Thanks for the info.


----------



## Southbound (Sep 28, 2009)

*Understood, A Month or Less Means Only One Lakeside B&B*



cookjmex said:


> I think your options for the conditions you require will be pretty limited, and probably not findable on the internet. If you are down here for less than 30 days, I doubt you could find anything except a B&B. If you go with Laguna B&B (a low-priced but very nice B&B in the area) it will cost you $35/night including breakfast and access to free telephone service to the US and Canada, and free off street parking. This works out to $350 for two weeks or $700 for three or $1050 for four. If you will be here for a month or more, you might try staying at Laguna for a few days while you scour the bulletin boards at places like the Lake Chapala Society or El Torito Grocery or Dona's Donuts. Occasionally these have rentals for one month, but it's still pretty iffy. I very seriously doubt you will find any of the real estate/rental agencies renting a place for only a month, but I guess it is worth a try.

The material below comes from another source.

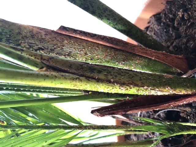 Check die andere twee palmen in ieder geval nauwgezet. Elk puntje/schildje is het begin van nog zon drama!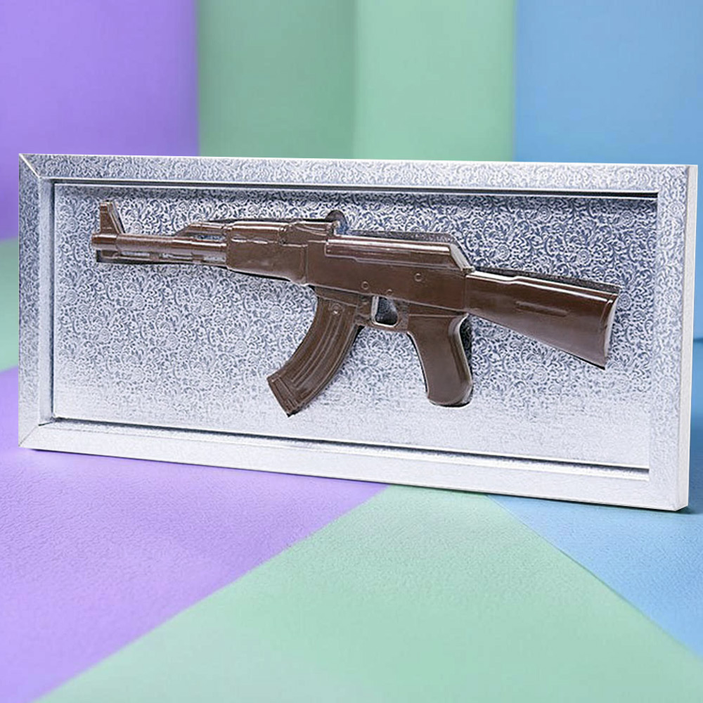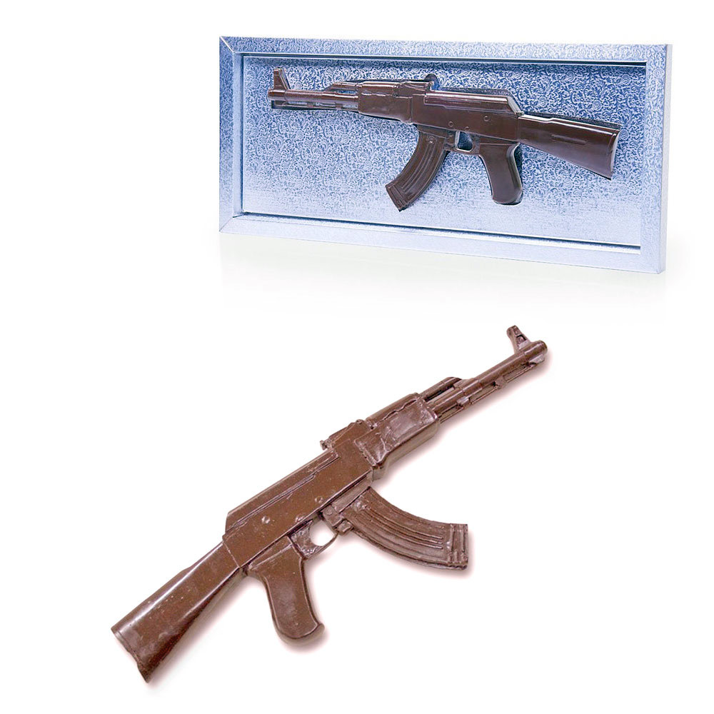 Сладкий презент «Автомат Калашникова», изготовленный из молочного шоколада, порадует вашего мужа, отца или брата не только сходством с настоящим оружием, но и бесподобным вкусом.

Cookjmex, RVGringo, Sparks et al,
Thank you all very much for the specific "one month or less" accommodation information which appears to be very limited indeed in the popular Lakeside areas! 
My current plans may (or may not) be for less than a month in the Lakeside area simply due to the fact that my wish is to check out several towns in the Central Highlands of Mexico, however I am not returning to the States until the end of May 2010, after arriving in January. Lakeside may well be my long term choice but I would be remiss not to at least check out a few optional locations.
In your opinion would it be absurd (costwise) to book several months in a Lakeside accommodation, using that as a base so to speak, then do day trips by bus to other towns such as SMA, Tequis, Zapotlanejo, Guanajuato etc.? Or are these destinations more than day trips using the bus system as transportation?
All input/feedback is very much appreciated. At this point, meaning before I get there, it seems there are many choices. So far, the only areas eliminated are the hot and humid beach towns!
Thanks again all


----------



## RVGRINGO (May 16, 2007)

Using the Chapala area as a 'base' for bus trips to other areas is a good idea. Not only can you have easy trips by bus to any other areas from the Chapala & Guadalajara terminals, but there are very frequent package tours sponsored by the local Lake Chapala Society, Red Cross, American Legion, etc. Those would have the added advantage of giving you an opportunity to travel with and chat with local expats, as well as having all the details pre-arranged.
On the rental situation: If you want 5-6 months, you may find something online. If you aren't able to commit to that, or are looking for unlisted properties, you will need to 'pound the pavement' while staying in a B&B.


----------



## El Toro Furioso (May 13, 2007)

jim42 said:


> Is there an American Legion Poat in the Lake Chapala area? Thanks Jim


Answer already posted.


----------



## sparks (Jun 17, 2007)

Guanajuato and San Miguel will not be day trips (don't know the other two). At least 6 hours by bus from Chapala. You could combine the two into a 4-5 day trip to do them justice


----------